**EXERCISE PROMPT**
From the entries below, print exactly the span beginning with the line holding "章于炎详细梳理和讲解了融合新" and ending with the line holding "SINTEC PLATINUM 0w20", endpoints included, and skip any pictures.

**DATA FOR THE TASK**
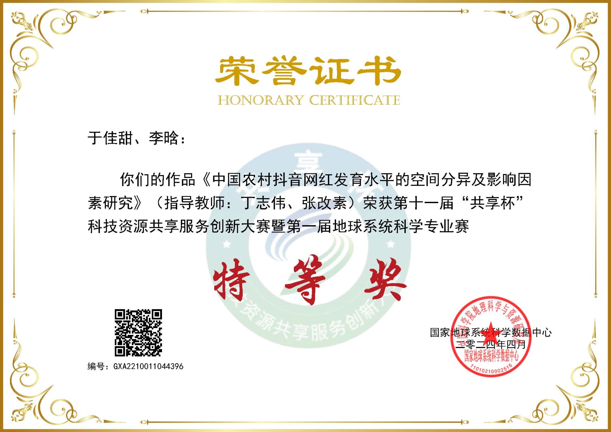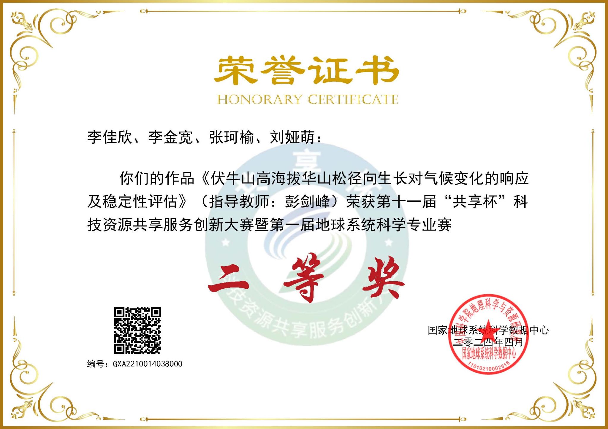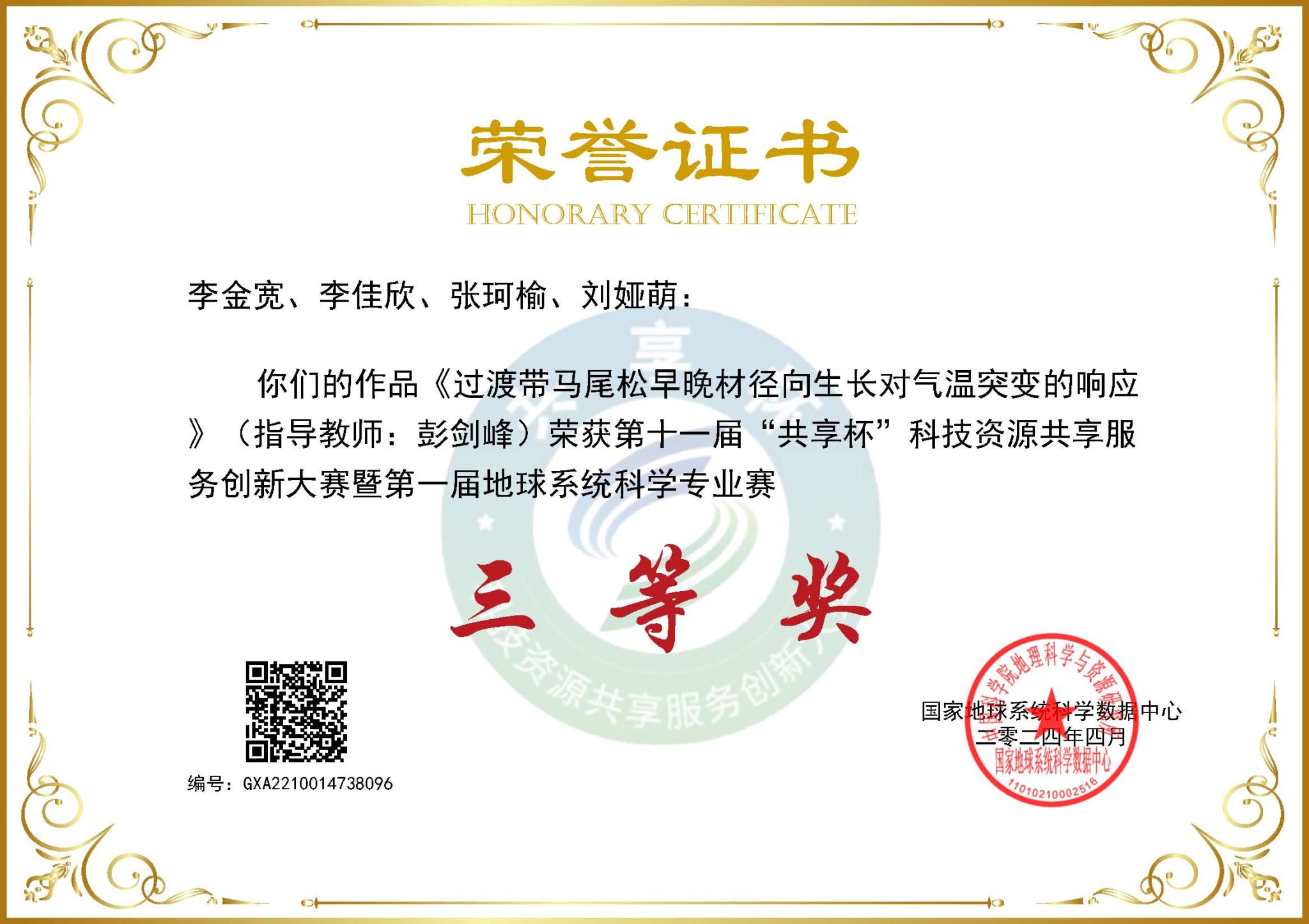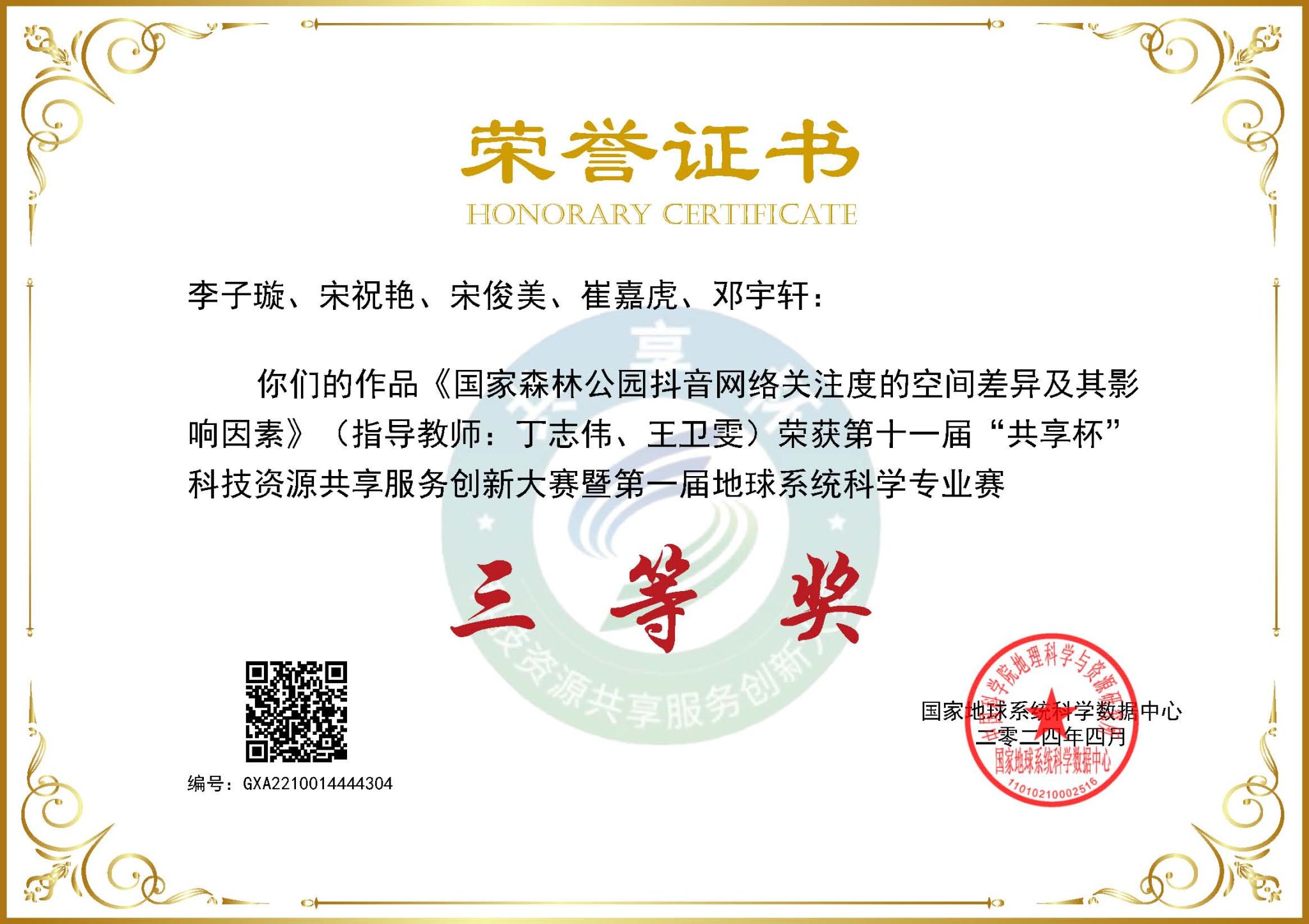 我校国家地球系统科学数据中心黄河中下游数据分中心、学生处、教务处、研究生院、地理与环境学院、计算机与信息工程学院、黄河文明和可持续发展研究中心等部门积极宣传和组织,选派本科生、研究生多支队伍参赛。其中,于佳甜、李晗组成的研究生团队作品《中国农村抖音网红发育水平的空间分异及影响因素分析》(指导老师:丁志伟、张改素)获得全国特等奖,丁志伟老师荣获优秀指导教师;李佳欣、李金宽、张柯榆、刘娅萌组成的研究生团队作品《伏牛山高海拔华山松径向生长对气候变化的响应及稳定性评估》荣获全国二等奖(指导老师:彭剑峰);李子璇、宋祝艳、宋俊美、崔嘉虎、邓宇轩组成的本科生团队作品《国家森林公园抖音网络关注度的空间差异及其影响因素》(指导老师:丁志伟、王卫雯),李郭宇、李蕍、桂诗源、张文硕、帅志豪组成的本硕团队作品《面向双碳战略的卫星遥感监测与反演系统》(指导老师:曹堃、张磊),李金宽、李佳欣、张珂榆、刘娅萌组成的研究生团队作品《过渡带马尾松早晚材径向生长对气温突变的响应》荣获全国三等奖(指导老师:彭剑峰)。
--
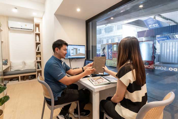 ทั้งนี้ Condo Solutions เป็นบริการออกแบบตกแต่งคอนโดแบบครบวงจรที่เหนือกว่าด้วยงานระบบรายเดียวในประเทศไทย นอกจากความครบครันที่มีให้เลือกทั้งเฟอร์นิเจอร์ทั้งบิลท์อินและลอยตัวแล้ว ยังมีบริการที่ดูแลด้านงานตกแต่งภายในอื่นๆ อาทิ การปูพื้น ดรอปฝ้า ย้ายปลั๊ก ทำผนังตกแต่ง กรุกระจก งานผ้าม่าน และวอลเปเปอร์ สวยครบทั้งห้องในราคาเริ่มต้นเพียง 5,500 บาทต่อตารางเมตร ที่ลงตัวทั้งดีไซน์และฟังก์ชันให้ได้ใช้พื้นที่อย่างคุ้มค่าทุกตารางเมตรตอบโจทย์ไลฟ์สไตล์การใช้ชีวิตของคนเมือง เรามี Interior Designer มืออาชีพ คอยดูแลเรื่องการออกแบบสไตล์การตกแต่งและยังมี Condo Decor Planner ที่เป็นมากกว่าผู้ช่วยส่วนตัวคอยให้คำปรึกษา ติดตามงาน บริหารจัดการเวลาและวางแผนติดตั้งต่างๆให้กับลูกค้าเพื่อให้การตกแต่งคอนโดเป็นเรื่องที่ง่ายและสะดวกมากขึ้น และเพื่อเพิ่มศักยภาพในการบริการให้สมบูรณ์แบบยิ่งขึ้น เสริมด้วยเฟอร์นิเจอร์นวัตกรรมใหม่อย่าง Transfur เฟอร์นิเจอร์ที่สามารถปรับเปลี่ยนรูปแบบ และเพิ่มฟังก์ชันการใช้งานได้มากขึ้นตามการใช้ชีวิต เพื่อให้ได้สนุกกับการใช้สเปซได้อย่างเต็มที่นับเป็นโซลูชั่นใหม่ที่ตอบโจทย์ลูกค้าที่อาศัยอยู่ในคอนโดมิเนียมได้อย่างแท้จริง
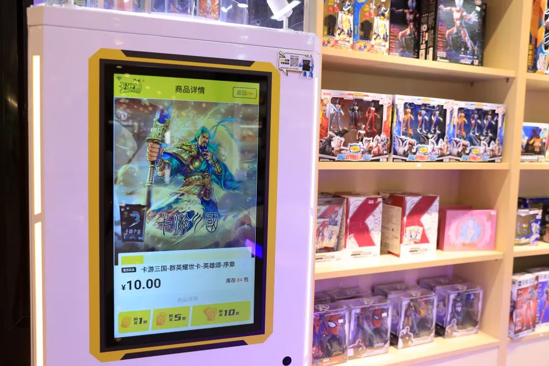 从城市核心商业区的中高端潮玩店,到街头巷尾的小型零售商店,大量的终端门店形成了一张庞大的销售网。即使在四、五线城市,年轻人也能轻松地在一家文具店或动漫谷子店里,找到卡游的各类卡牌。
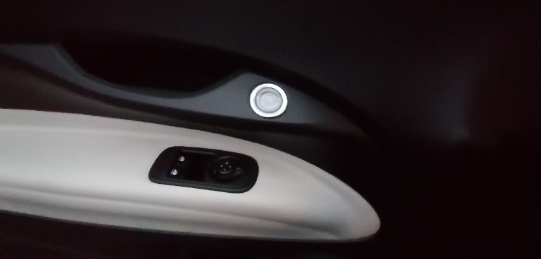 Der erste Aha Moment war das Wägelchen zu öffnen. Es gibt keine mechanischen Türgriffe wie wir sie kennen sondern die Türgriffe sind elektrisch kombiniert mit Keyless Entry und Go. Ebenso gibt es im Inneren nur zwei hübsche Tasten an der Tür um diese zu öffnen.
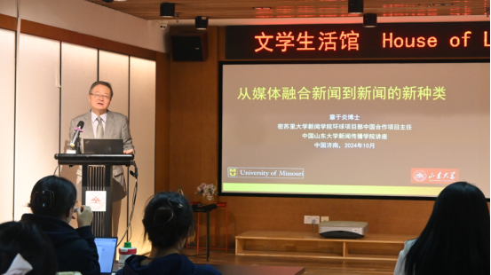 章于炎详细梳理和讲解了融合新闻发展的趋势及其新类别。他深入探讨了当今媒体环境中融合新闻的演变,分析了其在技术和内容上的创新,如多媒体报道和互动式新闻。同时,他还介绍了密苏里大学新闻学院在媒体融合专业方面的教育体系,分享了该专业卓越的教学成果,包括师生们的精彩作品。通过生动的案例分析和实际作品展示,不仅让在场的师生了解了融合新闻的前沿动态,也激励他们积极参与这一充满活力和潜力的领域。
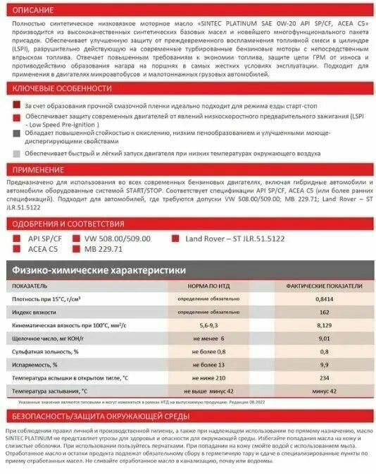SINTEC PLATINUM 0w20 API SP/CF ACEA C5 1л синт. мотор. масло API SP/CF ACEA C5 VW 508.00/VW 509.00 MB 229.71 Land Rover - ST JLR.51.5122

**RESULT OF THE TASK**
 章于炎详细梳理和讲解了融合新闻发展的趋势及其新类别。他深入探讨了当今媒体环境中融合新闻的演变,分析了其在技术和内容上的创新,如多媒体报道和互动式新闻。同时,他还介绍了密苏里大学新闻学院在媒体融合专业方面的教育体系,分享了该专业卓越的教学成果,包括师生们的精彩作品。通过生动的案例分析和实际作品展示,不仅让在场的师生了解了融合新闻的前沿动态,也激励他们积极参与这一充满活力和潜力的领域。
SINTEC PLATINUM 0w20 API SP/CF ACEA C5 1л синт. мотор. масло API SP/CF ACEA C5 VW 508.00/VW 509.00 MB 229.71 Land Rover - ST JLR.51.5122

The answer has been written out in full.